It's brilliant under nearly everything in fact we sell a large quantity of de-waxes shellac to flooring contractors who apply it over old floors as you say to seal in old stains, waxes etc.

It's such a great product, so many different coatings can go over it with no problem. It produces such a lovely warm appearance (another reason why the flooring guys like it under our waterbased floor finishes). 

I'm so sad, I've even set up a shellac appreciation society group on facebook! 

Ian


----------



## Sgian Dubh (13 Jun 2009)

Woodfinish Man":3l0pnvfa said:


> Agree 100% - SHELLAC RULES!
> 
> It's brilliant under nearly everything ... It's such a great product, so many different coatings can go over it with no problem. It produces such a lovely warm appearance (another reason why the flooring guys like it under our waterbased floor finishes).
> Ian



I was hoping you might agree with my fondness for shellac as a universal base coat. 

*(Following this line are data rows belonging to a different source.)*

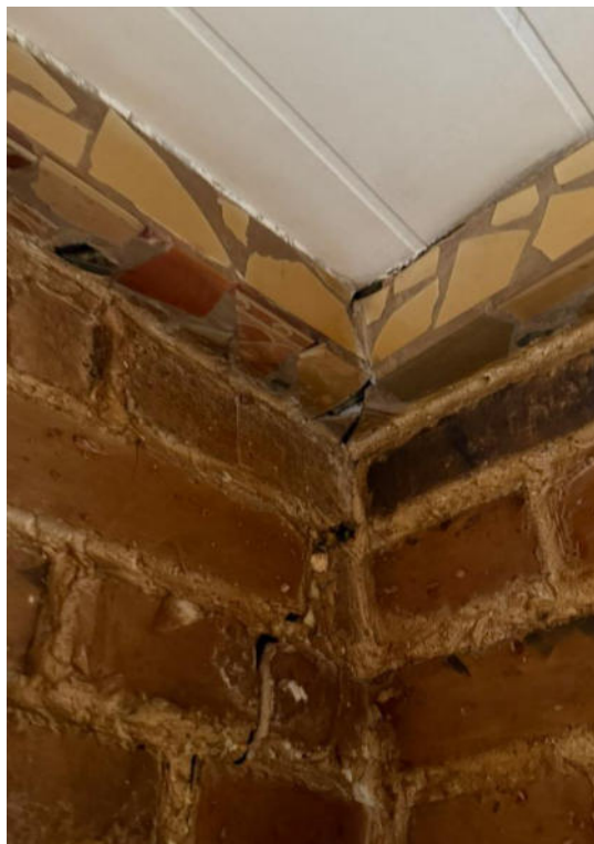
pav. 12 Užfiksuoti trūkiai sienų kampuose.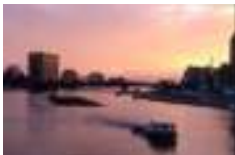
涼とともに心を癒す 釧路の美しい夕景

ホテル(シングル)相場 119,400~240,000 円程度/月 1DK物件 相場 85,000~100,000 円程度/月 2DK(アパート) 相場 121,000~145,000 円程度/月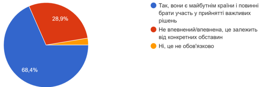
Рис 2.6. Відповіді респондентів на питання “Чи вважаєте Ви, що молодь має активно брати участь у процесі євроінтеграції?”

11. Чи вважаєте Ви, що молодь має активно брати участь у процесі євроінтеграції? 38 відповідей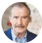
Vicente Fox Expresidente de México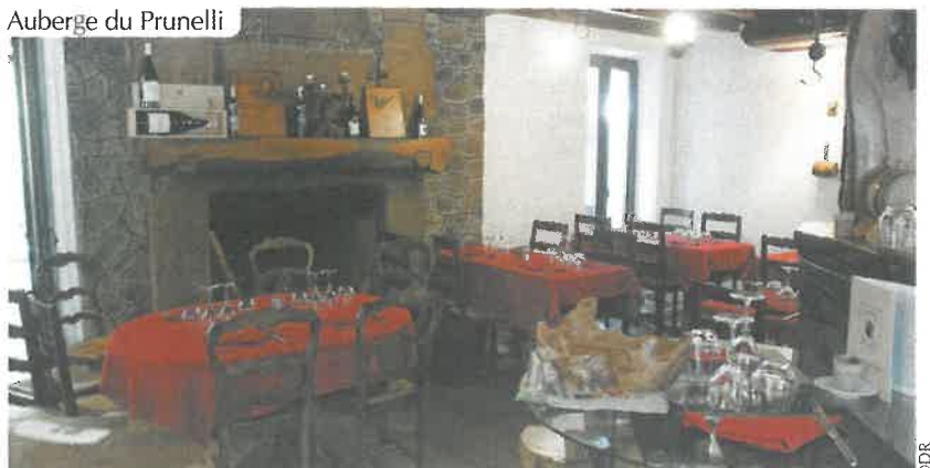
Auberge du Prunelli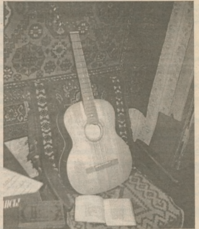
Авторская песня: хорошие стихотворные тексты и гитарный аккомпанемент

сейчас горячие денюшки — поди устрой, организуй, состыкуй все нюансы фестиваля! Их никто не заставляет это делать — наверное, здесь уместны высокие слова о велении сердца, патриотизме по отношению к Славутичу и т.д. и т.п. Впрочем, от высокопарности я воздержусь: хотя — и организуют. Спасибо им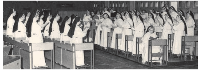
Chorgebet in der Kapelle von Waldniel (heute Schwalmtal).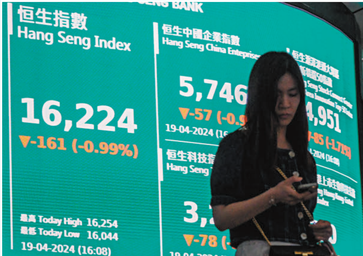
◆港股昨跌161點，成交1,061億元。全周計，恒指累跌497點。

中東局勢再呈現緊張狀態，港股繼續震盪行情發展。恒指昨低開139點，最多下挫341點見16,044點，收報16,224點，跌161點或1%；藍籌股普遍受壓，82隻藍籌58隻下跌。全周計，恒指累挫497點或3%，國企指數全周累跌2.3%，科技指數全周累挫5.7%。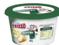
MANTEIGA POTE 200G FRIZZO 18149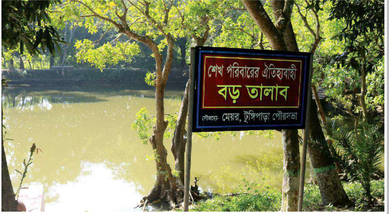
জাতির পিতার পরিবারের ব্যবহৃত বড় তালাব (পুকুর)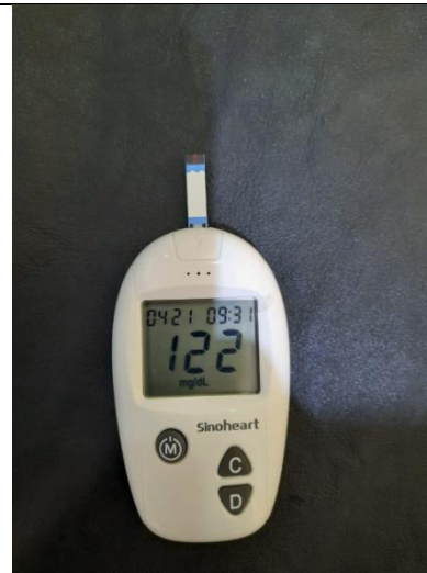
Hasil pemeriksaan kadar glukosa sewaktu tertinggi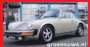
Porsche 911 S 2.7 Coupe Small body / Matching numbers / Fuchs / Sunroof / Certificate of Authenticity.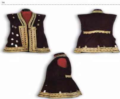
Рис. 208. Ковалюк, Юго-восточный край Китая, Ташань — фабричное сукно, отделка золотым ладунигом, алмазами. Сибирский историко-краеведческий музей, СЭМ СО № 1020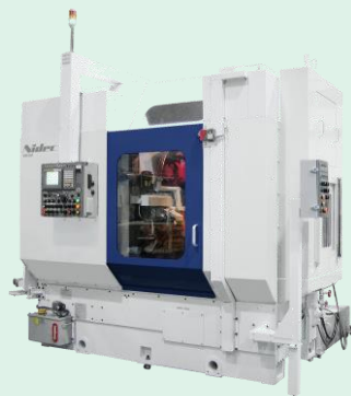
ホブ盤 GD30・GB63 (組立中)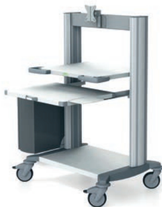
toro 63 Computerwagen 1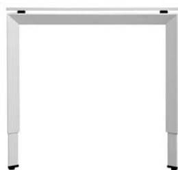
FrameOne 伸缩腿 (H620-900毫米)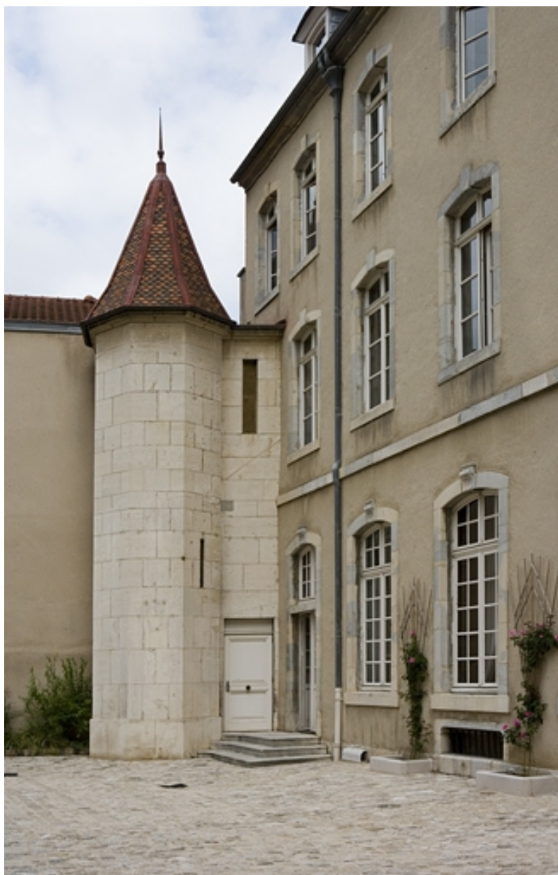
Façade antérieure, détail de la tour d'escalier, vue éloignée.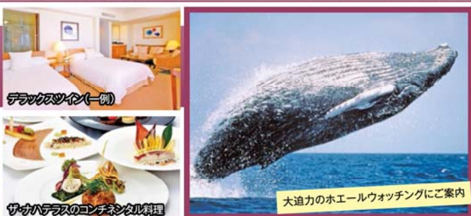
デラックスツイン(一例)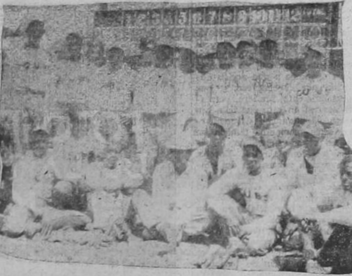
EQUIPO DE LOS "CUBS" CAMPEON DE LIMON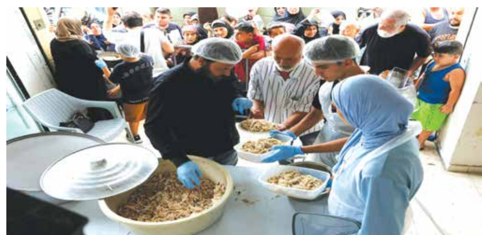
○ موجة النزوح الكبيرة تتطلب احتياجات ضخمة.

بيروت - (أ ف ب): حذر مسؤول في المنظمة الدولية للهجرة التابعة للأمم المتحدة من أن نزوح مئات الآلاف من الأشخاص في لبنان «كارثي»، مشيرا إلى أن الدعم الدولي لا يتناسب مع الاحتياجات، وسط قصف إسرائيلي يومي منذ أكثر من أسبوعين. وقال المدير الإقليمي للشرق الأوسط وشمال إفريقيا في المنظمة عثمان البليسي «مع هذه الموجة من النزوح، نرى احتياجات ضخمة... الوضع كارثي». كثفت إسرائيل غاراتها الجوية على لبنان منذ ٢٣ سبتمبر، مستهدفة ما تقول إنها بنى تحيية ومنشآت تابعة لحزب الله في جنوب لبنان وشرقه وضاحية بيروت الجنوبية. ومذاك، أدى القصف المتواصل إلى مقتل أكثر من ١٢٠٠ شخص ونزوح قرابة مليون آخرين. وقال البليسي لوكالة فرانس برس خلال زيارة لبيروت الخميس «لبنان يحتاج إلى مزيد من الدعم». ما تم تقديمه حتى الآن ضئيل ولا يتناسب مع الاحتياجات». بدأت المواجهات بين إسرائيل وحزب الله غداة اندلاع العدوان الإسرائيلي على قطاع غزة أكتوبر ٢٠٢٣ مع فتح الحزب اللبناني «جبهة إسادة» للقطاع. وأوضح عثمان البليسي أن المنظمة الدولية للهجرة «تحققت وتبعت» نحو ٦٩٠ ألف نازح في لبنان، مشيرا إلى أن نحو ٤٠٠ ألف آخرين غادروا البلاد، كثير منهم إلى سوريا المجاورة. ووفق الحكومة والمنظمة الدولية للهجرة، يعيش نحو ربع النازحين (أكثر من ١٨٥ ألف شخص) في لبنان، في مراكز إيواء رسمية مثل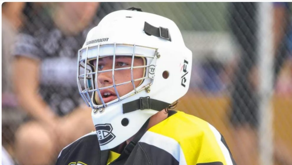
Plusieurs hommages lui ont été rendus sur les réseaux sociaux.

Rapidement, la nouvelle s'est répandue sur les réseaux sociaux. Les publications pour lui rendre hommage se sont multipliées.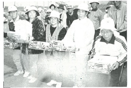
準優勝した宝米Bチームのみなさん

11月8日栗山川の河川敷で日東ゲートボール大会が行われました。昔、日吉に日東青年学校（日吉村・東条村）がありました。両地区は、知人も多く時々ゲートボール大会をして旧友を温めています。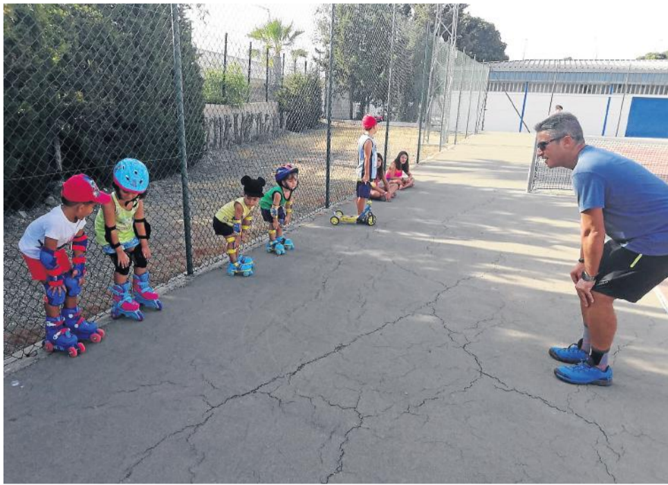
En Cuevas, aprendiendo a patinar.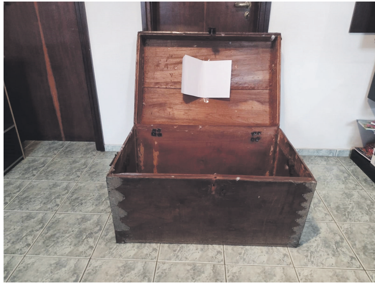
Baú abrigou todos os pertences da família quando imigraram ao Brasil

A partida no dia 12 de outubro de 1911 deverá

Incidentally, I do believe you missed a zero in your earlier post. 150 μm is a little less than 0.006 inches or 0.15 mm, not 0.06 inches which is nearly 1.5 mm.

A useful size guide for anyone struggling work out what a μm (micometre or micron) is then a typical human head hair is approximately 100 μm in diameter. A micron is one millionth of a metre. Therefore when spraying pre-cats, post-cats, etc, each coat should be applied at just a bit more than the thickness of a human head hair, maybe pubic hair thick, ha, ha. Apply the stuff thicker than this per coat and, if you apply three coats, then your finish is likely to fail due to cracking or Chinese writing. Slainte.


----------